Figure A. Estimated death-censored overall allograft survival from follow-up visit by the Kaplan–Meier method according to transplant glomerulopathy (>cg1b) at diagnosis.  B. Cumulative incidence of the development or progression of kidney-transplant glomerulopathy during follow-up.

Among 451 biopsies from 198 patients with ABMR, 38 were classified as CA-ABMR at initial diagnosis. The median time from transplantation to diagnosis was longer in the CA-ABMR group (127 months, IQR 58–167) compared with the A-ABMR group (66 months, IQR 13–86). Graft survival from the time of ABMR diagnosis did not differ significantly between groups (5-year survival: 78% in A-ABMR vs. 69.8% in CA-ABMR, p = 0.283). The presence of transplant glomerulopathy >cg1b at diagnosis was not associated with an increased risk of graft loss (HR 0.99, 95% CI 0.3–2.9) (Figure 1).

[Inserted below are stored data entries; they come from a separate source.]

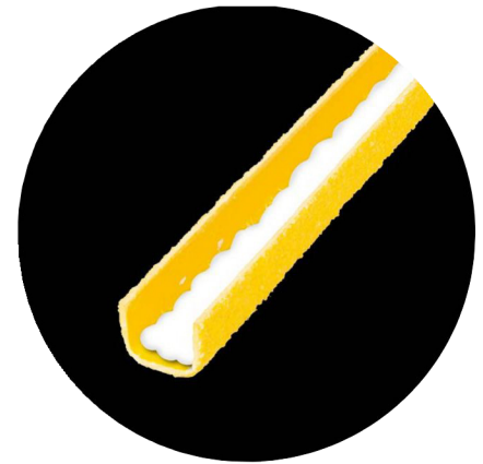
FRP Square Rung Cover
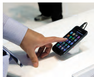
High definition LED multi-panels Semi-conductor research lab Smartphone

in taking off from the Naro Space Center. But after the successful performance of the first stage, Naro-1's payload fairing separation system malfunctioned and half of the satellite protective cover failed to open in the second stage causing the rocket to explode in flight. The second launch was made on June 10, 2010. But it also ended in failure when contact with the rocket was lost after 137.19 seconds after launch according to the Naro Space Center. Although the exact reason for the failure is yet to be revealed, the Korean space authority suspected that the cause of the failure was due to the faultiness of the separation bolts. It is announced by the Naro Space Center that the plan for the third launch has been agreed by Korean and Russian space authorities. However, no concrete date was announced.
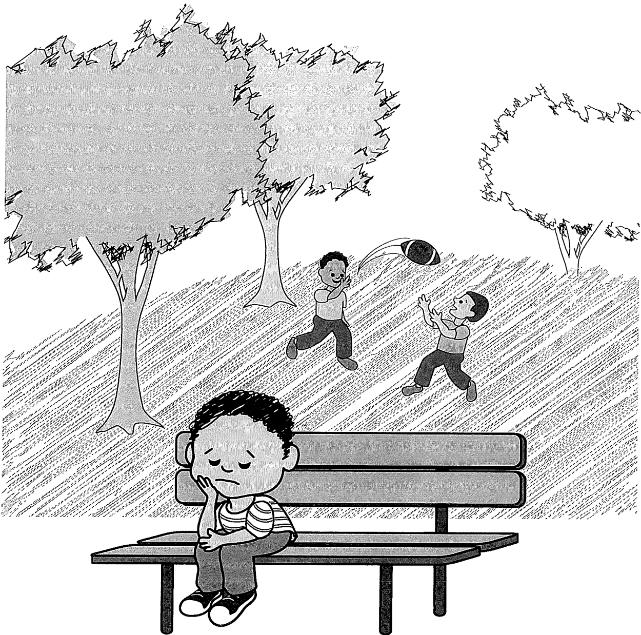
Loss of interest in usual activities (i.e., constriction of play)
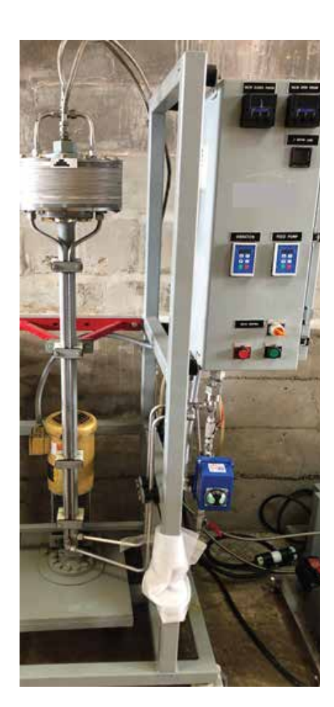
Figure 3. Detail of vibrating RO for the single pass treatment of raw slurry

This project is in line with the objectives of the FCCS as it aims to enhance the quality of the agricultural produce that its members cultivate as well as to enhance the technical skills of the farmers in the application and management of fertilizer.
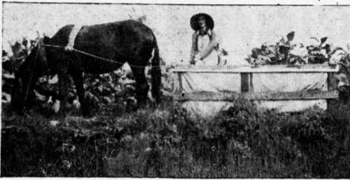
CROPPING.—Scenes similar to the one above are general throughout the county now as Brunswick county tobacco farmers harvest their 1943 crop. Some farmers have already put in tobacco as many as three times.
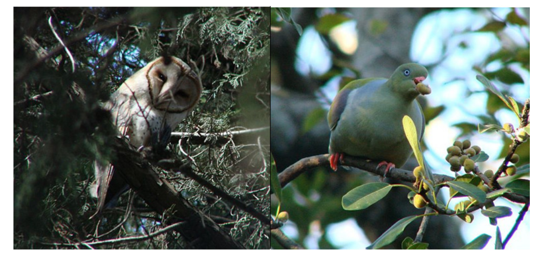
Barn Owl and African Greenpigeon at Mandara, James Ball

Contributions for The Babbler 132 October-November 2016 may be sent to the editor anytime between now and the very latest 14<sup>th</sup> September 2016.
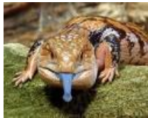
Eastern Blue Tongue
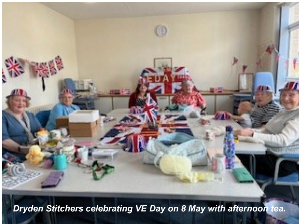
Dryden Stitchers celebrating VE Day on 8 May with afternoon tea.
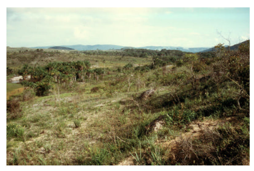
FIGURE 5. Type locality of Cylindromorphoides katrinae sp. n.

Venezuela, Gran Sabana. Known only from the type locality (Fig. 5).
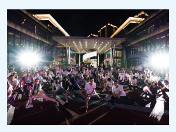
Seasun Holdings — Shining run
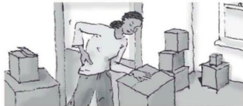
4. Lift heavy things
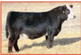
W/C Lock Down 206

A real neat made solid black percentage heifer with tremendous eye appeal and soundness. Very smooth down her top into a slick front. Moderate framed with abundant depth and bone.
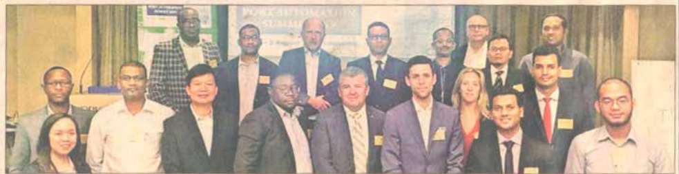
Group picture at the Port Automation summit
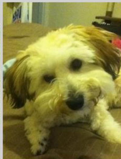
Maxwell is very social, loves other dogs and loves being outside. He'd like to find more places suitable for disabled use in West Dorset - any suggestions for 'easy access' places to walk?

Welcome also to all the new members who have joined at recent local events - PLEASE EMAIL YOUR PHOTOS TO US AT dorsetdogs@dorsetcc.gov.uk with your owner & dog name - we'd love to see your pictures...!
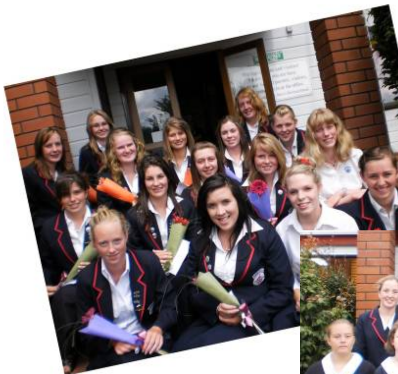
Above: Our fabulous Year 13s following the Leaders Induction last Friday
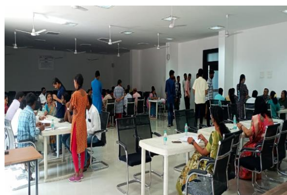
Faculty members speaking to the parents of I B.Tech students
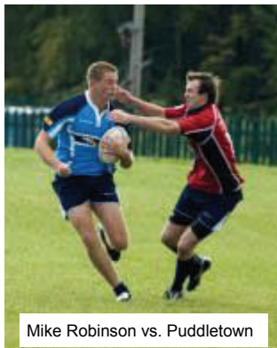
Mike Robinson vs. Puddletown

(see The Clean Neighbourhoods and Environment Act 2005 )
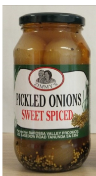
Pickled Onions Sweet Spiced and Chilli 500g
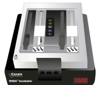
For Batch Processing

Incubate multiple strips simultaneously, then read results in the Charm EZ-M system.
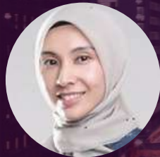
Y. Bhg. Puan Nurul Izzah Anwar Co-Chairperson of the Secretariat of the Special Advisory Body to the Minister of Finance
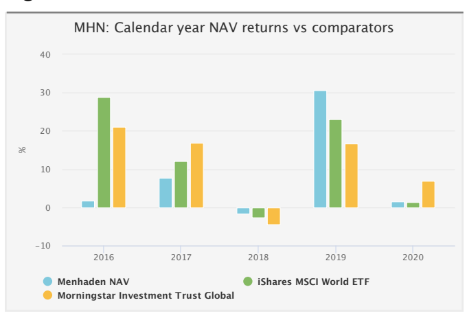
Fig.6: Calendar Year NAV Returns
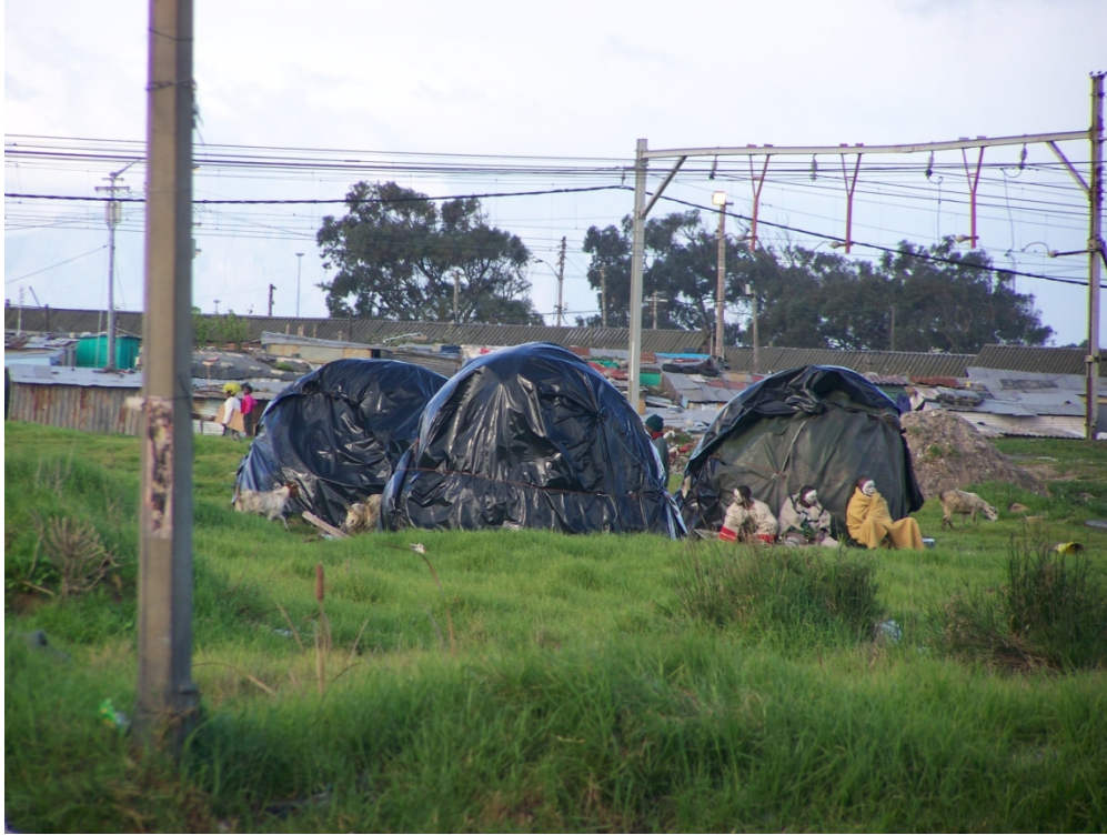
Figure 4: Gugulethu's buffer zone. a-2009 and b-2013.
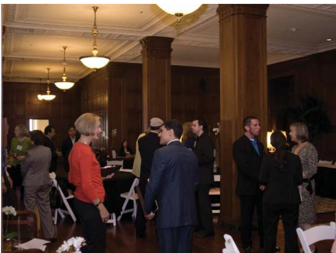
Attendees mingle at the Bently Reserve.
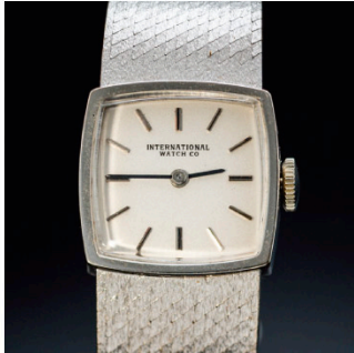
W22 IWC 18K Gold-Ladies Case no. 2035468 , Manual Winding Antique Made in Swiss IWC, 18K金, 古董, 女裝手動上鏈腕錶 Estimate: HKD21,000 - 29,400
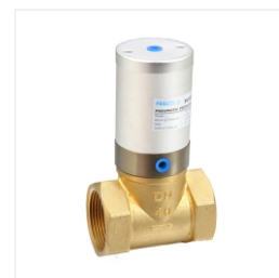
5. GV300A Air control right
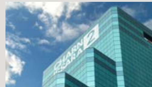
CHARN ISSARA TOWER II ( BANGKOK )
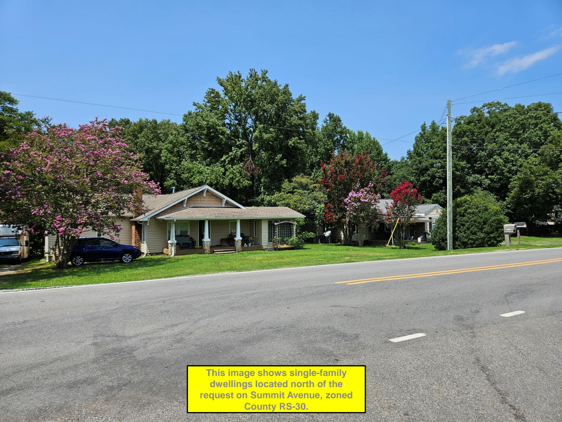
This image shows single-family dwellings located north of the request on Summit Avenue, zoned County RS-30.
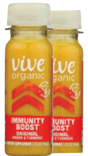
Vive Organic Organic Wellness Shot selected varieties
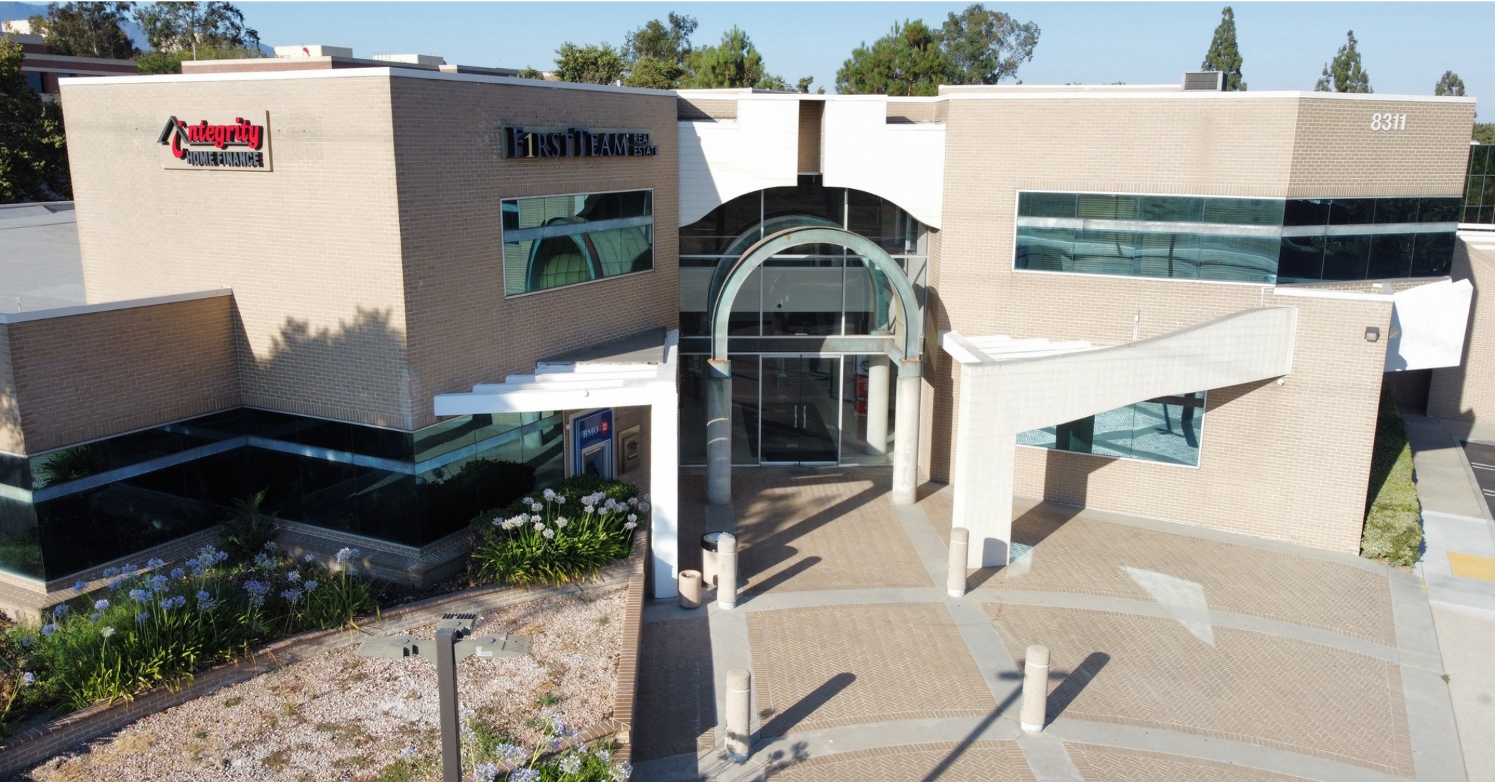
aerial east facing
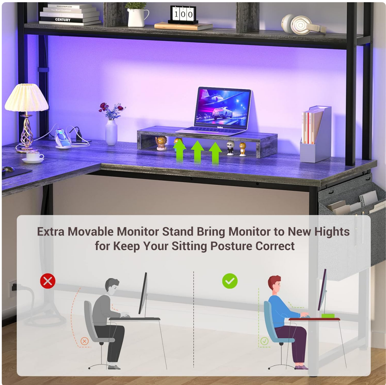
Figure 5.3: A visual guide demonstrating how the moveable monitor stand helps achieve and maintain a correct sitting posture, promoting cervical and spinal health during extended use.
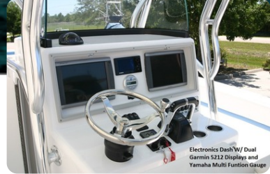
Electronics Dash w/ Dual Garmin 5212 Displays and Yamaha Multi Function Gauge
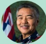
Governor David Ige
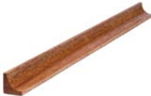
38mm Meranti Scotia Finished Size 40x30mm MSC032
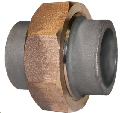
70/30 CUNI (ALLOY C715/C964)
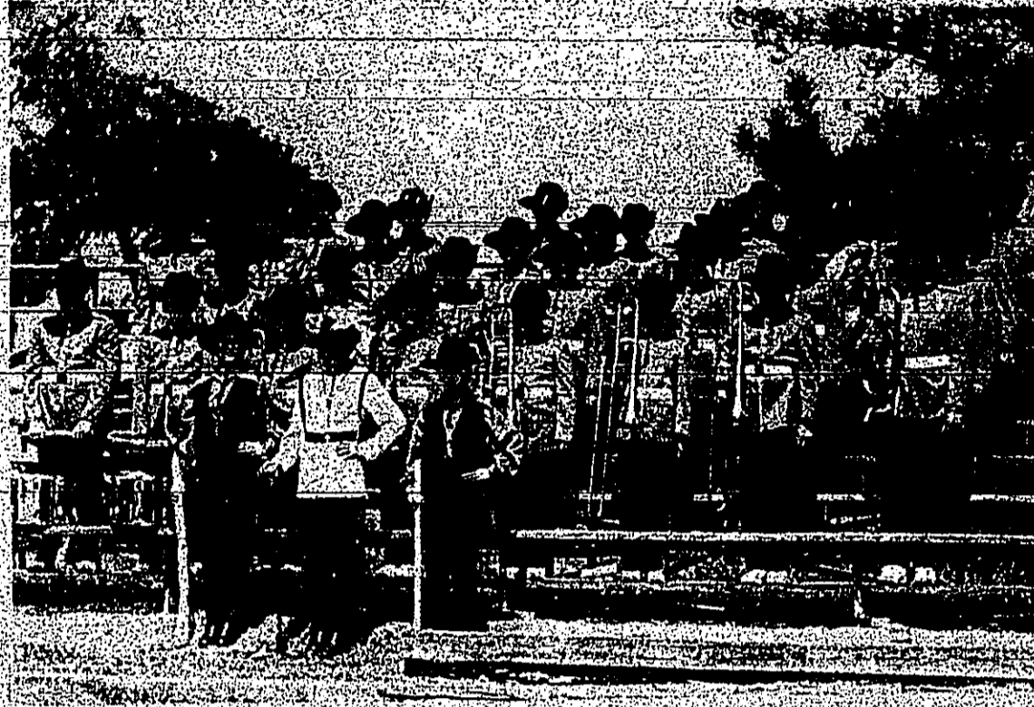
COLMESNEIL BAND: The Colmesneil High School Bulldog Marching Band posed for pictures last week and look as impressive as ever in their red and black uniforms.
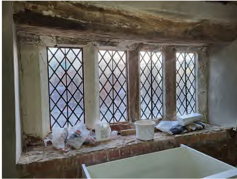
Figure 10: Existing Kitchen - Mullions to be Limewashed.
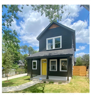
Inspiration for project – Past New Build Project Modern Farmhouse / Urban Infill
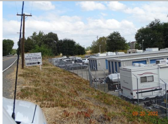
View of the fence along the LS toe (Fall 2022).
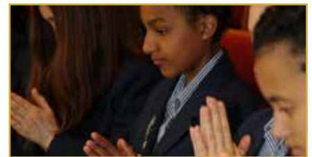
Masses have been held for both the Holy Spirit and St Ursula this half term
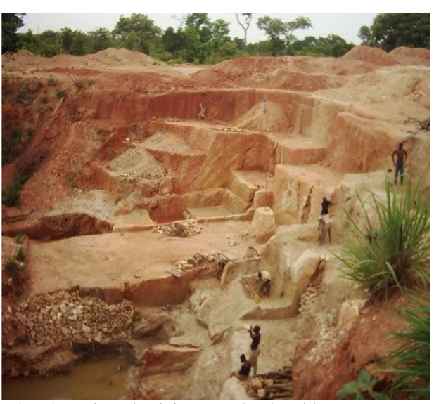
Plate 2: Artisanal Mining Iron Ore in Bida

The miners after digging and extraction of minerals leave the area unreclaimed their by causing serious erosion (Plates 3 and 4).

During follow-up, transplant glomerulopathy developed within the first year in 10.6% of patients with A-ABMR despite first-line treatment, whereas 83.8% of patients with CA-ABMR showed no further progression of chronic glomerulopathy (Δcg > 1) after therapy.

First-line anti-rejection therapy in patients with chronic-active ABMR was associated with allograft survival comparable to that of patients without chronic lesions, supporting its use in this subgroup. A substantial proportion of patients with active lesions progressed to chronic injury within the first year, raising the question of whether treatment should continue to be limited to those without established chronic changes.